NEKA MENNA BARRETO | A banqueteira tem a impressão de que, no Natal, as pessoas querem tudo e vale tudo para ter uma "noite feliz". Até o dia 24, trabalha muito! Faz salada, terrine, peru desossado ou recheado com frutas tropicais (manga, mamão siciliano) e manda uma "bula" com todas as instruções para que o cliente simplesmente possa assar o prato em casa. "Tenho uma cozinha superindustrial." Seus 40 funcionários recebem ajuda de outros 15 extras. A equipe tem de se organizar direitinho para que aquela cliente, fiel há 20 anos, que não gosta de cebola, receba seus pratos "customizados". Os temperos ela deixa para cortar no dia, para que os pratos fiquem com mais sabor. Depois de toda a loucura, Neka embarca para o exterior. Mas, mesmo longe do trabalho, não consegue se distanciar do fogão. "Quando vejo, já estou preparando algum prato. Não tem jeito, é minha fonte de energia."

 

 

CAROL ROXO | Ela se formou em Filosofia, deu aulas por dez anos, mas nunca se esqueceu das reuniões em família – sempre ao redor da mesa. Para turbinar o salário de professora, decidiu vender chocolate. Sua madrinha, que pode ser chamada de fada madrinha, vivia fazendo propaganda da afilhada cozinheira. Até que uma pessoa encomendou um pernil de cordeiro para o Natal. Depois passou a fazer produções gastronômicas para diferentes clientes e eventos. Passado um ano, decidiu só cozinhar.

 

Suas encomendas para o Natal estão sendo feitas desde julho. "Às vezes tenho de recusar." Não faz nenhum evento sem corpo presente. "Sou muito chata", admite. Só tem uma coisa de que não gosta de fazer: salgadinhos.
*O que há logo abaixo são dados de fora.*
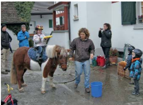
Kerzenlöschen mit der Wasserspritze auf dem Rücken von «Schmidi» war sehr beliebt.

Zum Jahresabschluss haben die fünf dann einen richtigen Parcours absolviert, wo alles Gelernte spielerisch noch einmal richtig zum Einsatz kam – besonders viel Spass hat dabei das Büchschenschiessen und Kerzenlöschen mittels Wasserspritzpistole «hoch zu Ross» gemacht. Als es dann noch eine Medaille, einen feinen Apfelpunsch und ein Überraschungsei für jeden gab, waren alle rundum glücklich! Ein gelungener Abschluss nach einem schönen Jahr – wir freuen uns schon alle auf die Montage im neuen Jahr!
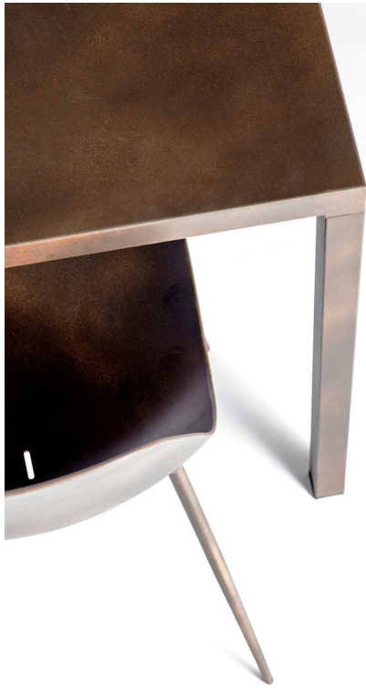
bronzo / bronze
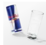
Red Bull 038
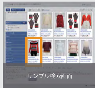
サンプル検索画面
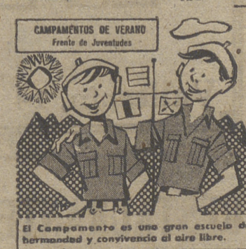
CAMPAMENTOS DE VERANO Frente de Juventudes
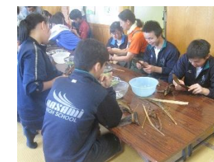
ちまき作りも教えていただきました。
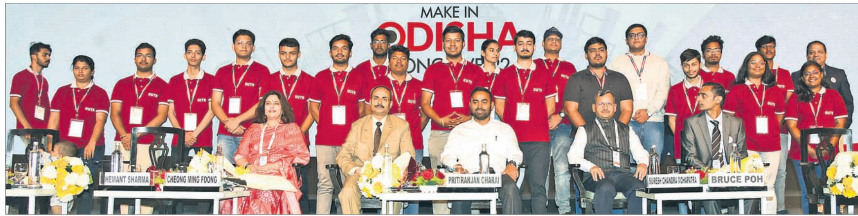
ଦକ୍ଷତା ବିକାଶ କ୍ଷେତ୍ରରେ ଉଲ୍ଲେଖନୀୟ ସଫଳତା ପାଇଁ ପୁରସ୍କୃତ ଛାତ୍ରାଛାତ୍ରୀ ଓ ବିଭାଗୀୟ ମନ୍ତ୍ରୀ ଏବଂ ଅଧିକାରୀ।
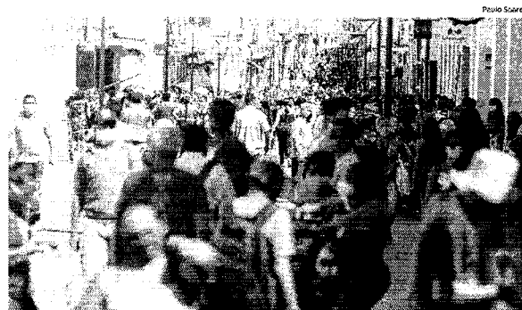
No primeiro dia de reabertura parcial do comércio, a Rua Grande ficou lotada de pessoas que foram às compras

"Estou tentando recuperar o meu prejuízo, pois, fiquei parado por dois
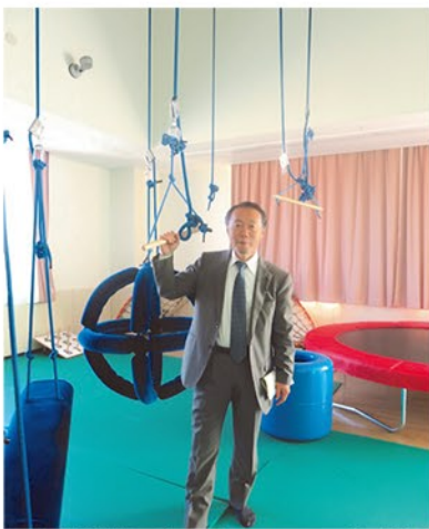
▲運動機能回復のためのリハビリ器具

●福祉医療センター港南(横浜市) 重症心身障害医療・福祉における横浜市の中核施設として、平成28年6月にオープンしました。重度心身障害児(者)施設としては、国内初の本格的ユニットケア(自宅と同じような住環境)を備えています。
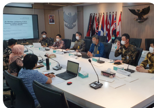
Discussion with DGT (Taxation Committee)
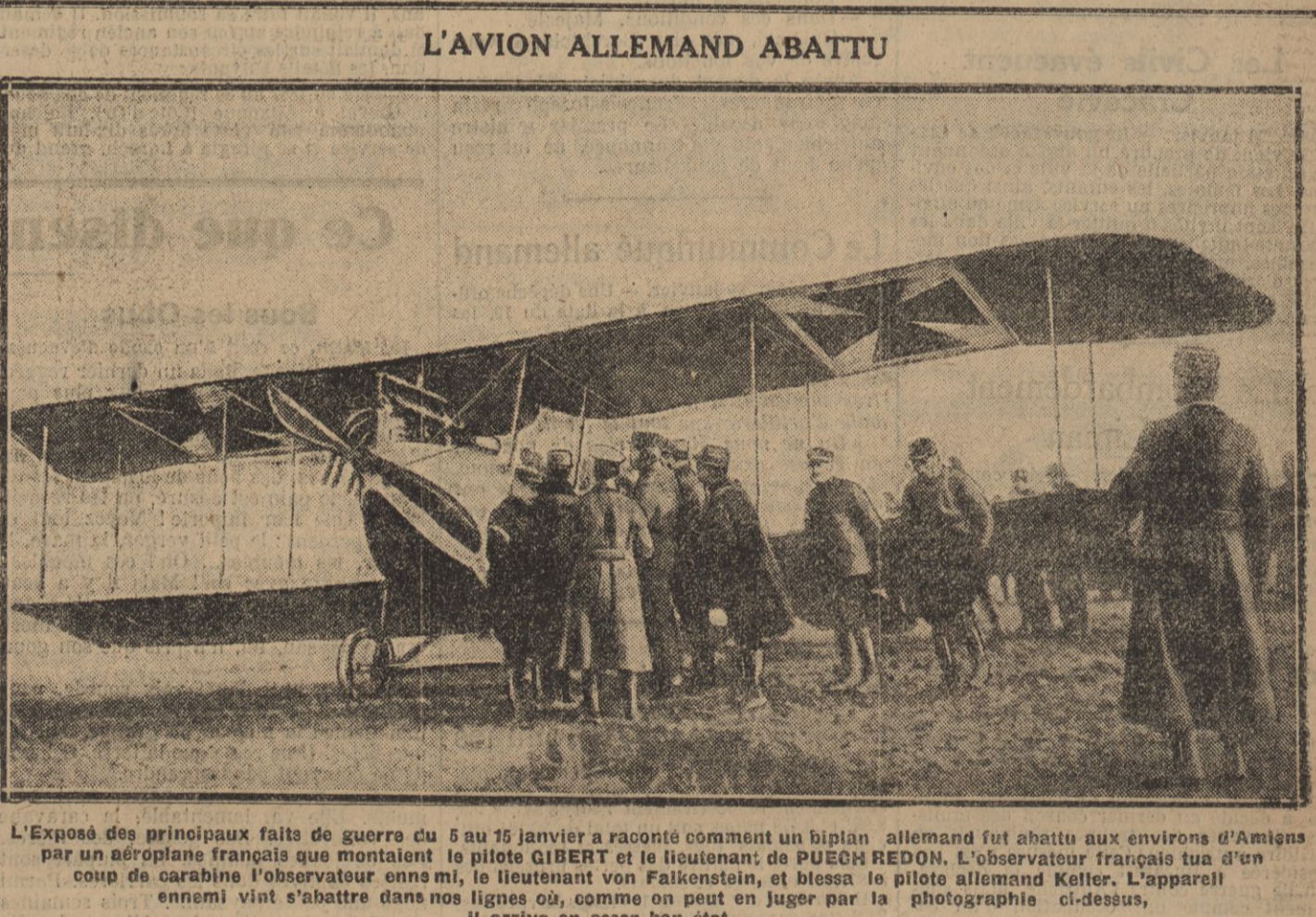
L'Exposé des principaux faits de guerre du 15 au 16 janvier a raconté comment un avion allemand fut abattu aux environs d'Amiens...
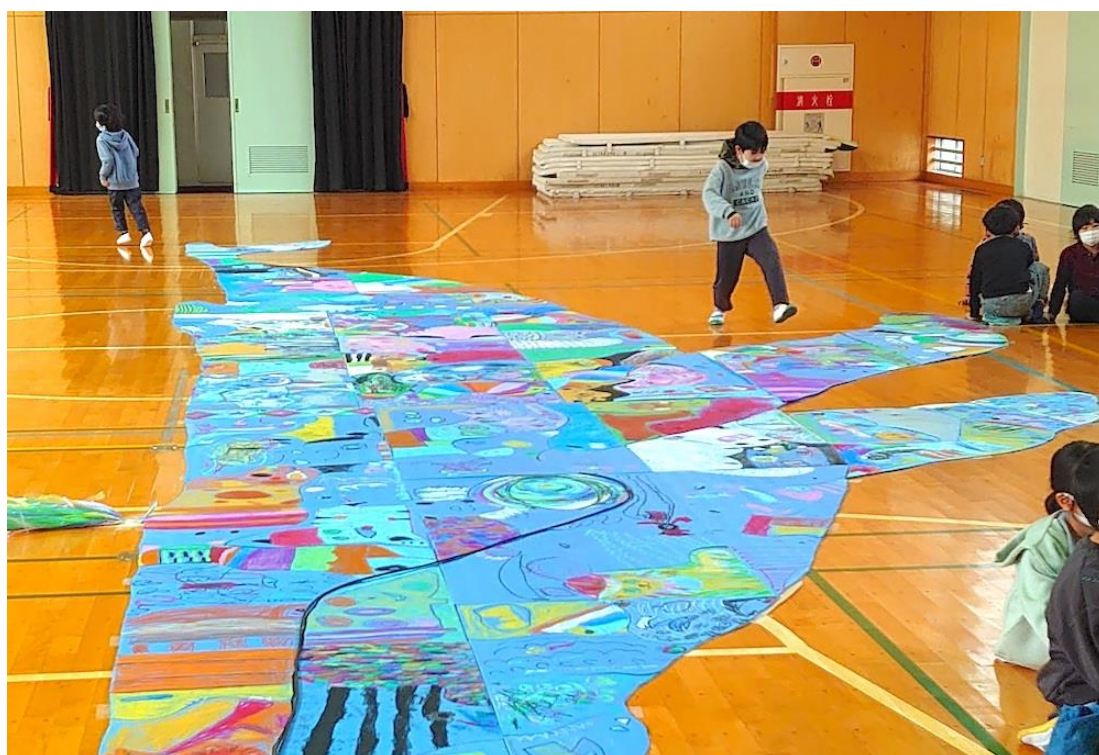
さわの里小学校（磯子区）
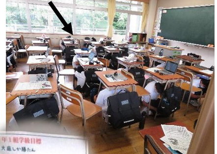
頭を守り、机の下に入っています

訓練が素晴らしいというよりも、 訓練に向かう姿勢が素晴らしい で、“さすが黒中生！”と思ったひと時でした。
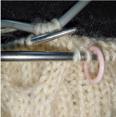
Sno x m bak
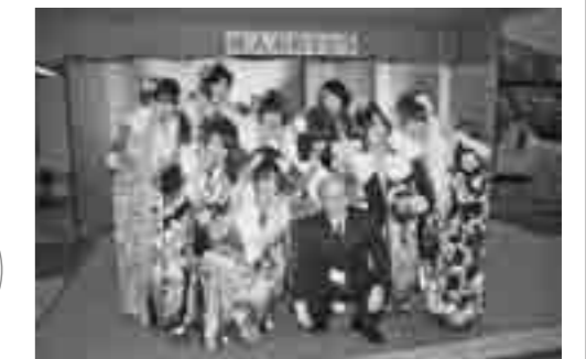
平成24年留萌市成人式にて
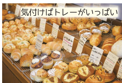
気付けばトレーがいっぱい
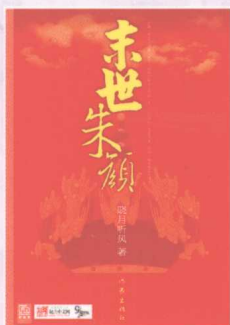
《末世朱颜》 晓月听风◎著
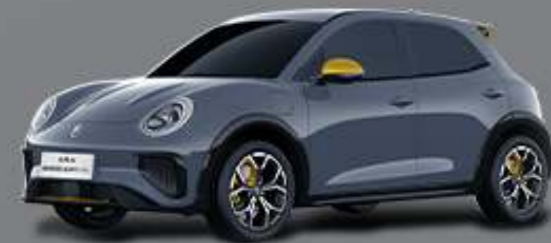
สี Aqua Grey
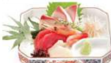
刺身セット 580円 SASHIMI SET 刺身 Assorted Sashimi
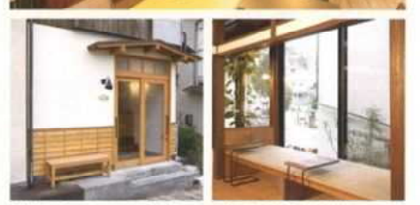
2019年4月 リノベーション設計「ワーキングa side-清舟屋」(旧市庁舎)
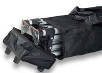
Estuche para Carpa
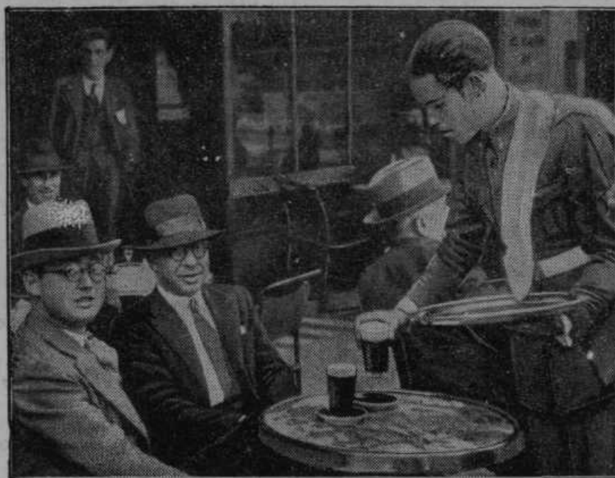
Dne 1. maja so stavkali v španskem mestu Barcelona natakari, katere je hitro nadomestilo vojaštvo.
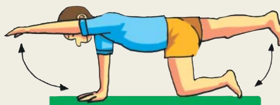
d. Una variación más complicada consistiría en levantar una pierna a la vez que se levanta el brazo contrario.

Las sesiones no pueden exceder los 30 minutos y se realizarán una o dos veces al día (preferentemente a la misma hora para que se convierta en una rutina) y siempre en lugar fresco.
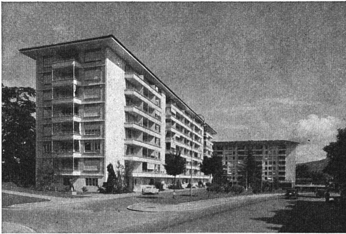
Siedlung Beaulieu, Block «Graphis II», 1950; Fr. Jenny, Architekt, und Gebrüder Honegger, Ingenieure und Architekten; im Hintergrund der Block «Graphis»

Die Vergleichung dieser Zahlen zeigt das enge Verhältnis zwischen der durchschnittlichen Zahl der Personen pro Haushalt und ihrer Zahl pro Wohnung. Wenn eine wesentliche Abweichung festzustellen ist, so handelt es sich um eine Periode der Wohnungsnot. Bei 3. und 4. stellt man fest, daß mit der Zahl von Bewohnern pro Haus Genf und Lausanne an der Spitze stehen. Für diese zwei Städte, wo die Statistik wahrlich
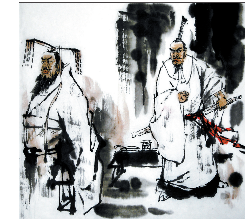
唐雎欲与秦始皇拼命
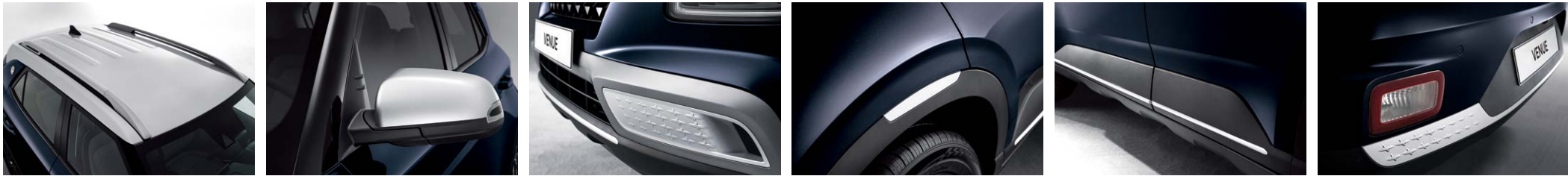
데님 블루 펄/초크 화이트 메탈릭 투톤

투톤 루프 컬러는 총 2종(초크 화이트 메탈릭/어비스 블랙 펄)입니다. 초크 화이트 메탈릭 루프 선택 시, 컬러포인트는 초크 화이트 메탈릭 컬러로 적용됩니다. 어비스 블랙 펄 루프 선택 시, 아웃사이드 미러는 어비스 블랙 펄 컬러로 적용되며 그 외 컬러포인트는 바디 컬러로 적용됩니다.

Acompanha os modismos gastronômicos, montando um cardápio "in", no qual já reinaram crepes, camembert com geleia de pimenta servido em torradas coloridas, rolls, coração de alcachofra... Neste Natal, seus clientes vão saborear pratos como cordeiro, pernil, salmão e outras delícias.

 

 

ANDRÉA FASANO | A meticulosidade que a empresária leva para seu bufê está de volta este ano na ceia de Natal da sua elegante clientela, pois Andrea ficou oito anos sem prestar esse serviço. No começo, atendia a festas pequenas. Ao longo de 20 anos, os pedidos foram aumentando. Hoje, chega a servir mil convidados. "Não deixo meu serviço nas mãos de ninguém. Não trabalho sem essa rigidez", assume, ao lado de sua sócia Patrícia Filardi (à esquerda na foto). Seu trabalho começa logo que a data da festa é escolhida. São várias reuniões até entender o que o cliente deseja. Leva até nutricionista, para acompanhar o andamento do serviço e verificar a temperatura dos alimentos. Não é à toda que sua agenda de fim de semana para 2010 está lotada.

 

 

GISLAINE OLIVEIRA | Ela se apresenta como nutricionista por formação e festeira por vocação. Largou a vida de professora para se dedicar à sua doçaria. E foi ali, em 1988, que seus clientes passaram a fazer encomendas para jantares. "Em cozinha trabalha quem realmente gosta." Para ela, o Natal é uma ocasião em que as pessoas valorizam tradição. Às vezes, tenta mudar algum item do cardápio, mantendo dois ou três que são ícones, mas os clientes não deixam. No topo dos pedidos estão o cuscuz, o peru, o camarão e a salada de grãos com romã. Manda tudo prontinho. E criou uma carta de instruções, para que o cliente saiba finalizar os pratos. Do dia 23 para 24, vira a noite preparando os assados. "Quem passa em casa para dar um beijo de Natal acaba trabalhando um pouco. Nem que seja enxugando louça", brinca. Já começa o ano sem reservas para o banquete do Natal seguinte.